3.0 grams NaHCO3/ 84g NaHCO3 = 0.036 mol NaHCO3
0.036 X 58 g/mol NaCl= 2.08 grams NaCl
When I calculated the mass of NaCl I should have gotten when the 3.0 grams NaHCO3 is reacted
with HCl I got a value of 2.08 grams NaCl, which is over half a gram less than the
value I obtained.
4. If the masses of all but one of the substances that take part in a chemical reaction are
known, explain why it is possible to determine the unknown mass by
subtraction.
The law of conservation of mass states that matter in a chemical reaction can be neither
created, nor destroyed, thus if all but one of the substances that take part in a
chemical reaction are known, you can subtract the last mass to find out where
the rest of the mass has gone as there can be no more or less mass.

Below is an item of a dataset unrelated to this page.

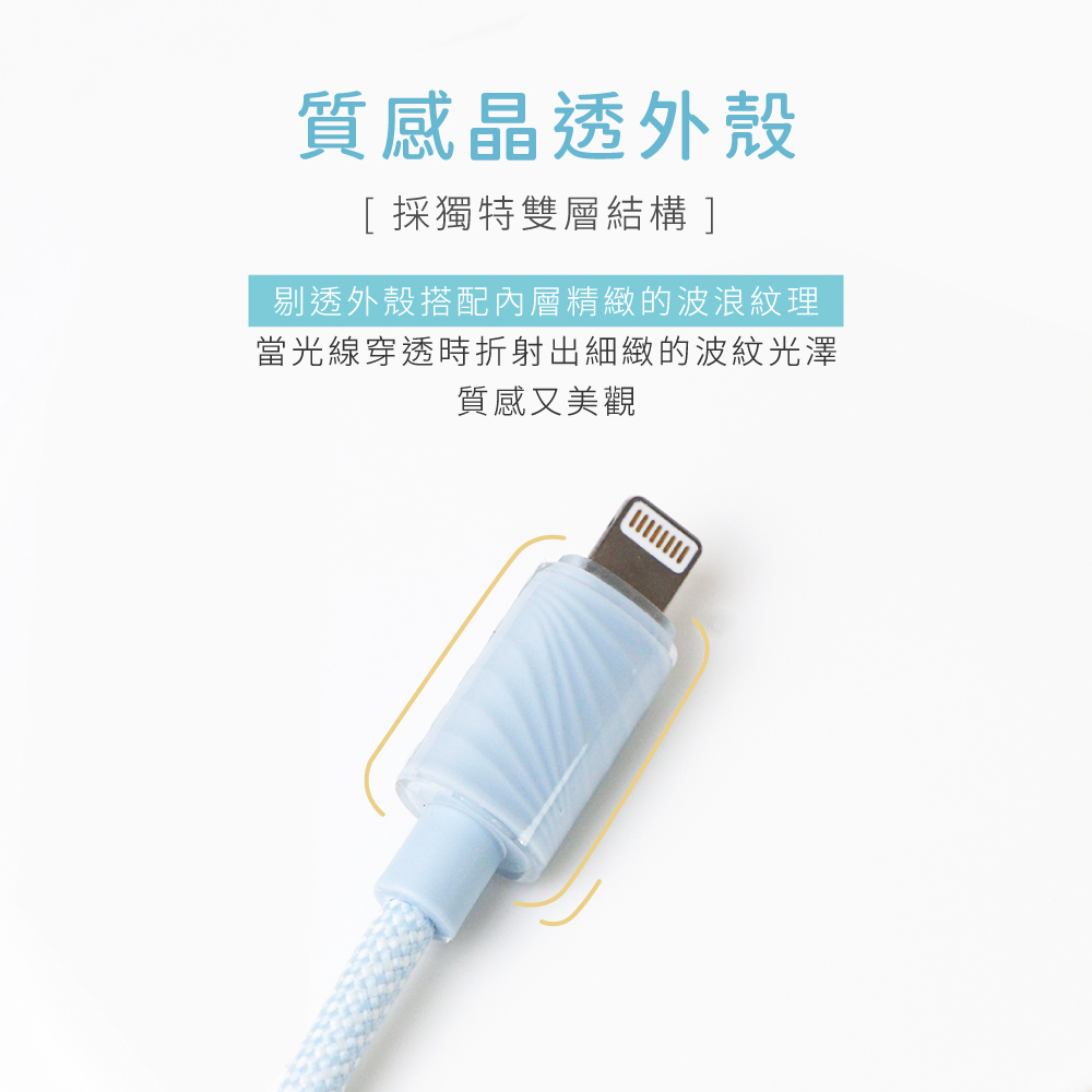 產品名稱:USB-A TO 蘋果8 PIN 晶透斜紋編織充電傳輸線

5. In the chemical reaction CaCO3  CaO+ CO2, if 40.0 g of CaCO3. Is decomposed:
a. how many grams of CaO is produced? 22.4 grams
b. how many grams of CO2 is produced? 17.6 grams
a. CaCO3=100 g/mol 40g/100g/mol= 0.4mol CaO/CaCO3/ CO2
0.4 mol CaO X 56g/mol CaO= 22.4 grams CaO
0.4 mol CO2 X 44g/mol CO2= 17.6 grams CO2
6. In the reaction N2+3H2 2NH3, if 20.0 grams of hydrogen reacts:
a. how many grams of ammonia is produced?113.22 grams
b. how many grams of nitrogen reacts?93.24 grams nitrogen
20.0 grams H2/ 2g/mol= 10 mol H2
10 mol H2 times (2mol ammonia/3mol H2)= 6.66 mol ammonia
6.66mol X 17 (molar mass ammonia)= 113.22 grams ammonia
10 mol H2 times (1mol nitrogen/ 3mol H2)= 3.33 mol nitrogen
3.33mol nitrogen X 28 (molar mass Nitrogen)=93.24 grams nitrogen
Conclusion:
This experiment aided in the understanding of the mole-mass relationships that exist in a
chemical reaction and in the interpretation of a balanced chemical equation. We can compare
the experimental mass of a product of a chemical reaction with the predicted mass for that
product. It shows that experimental values are not always precise.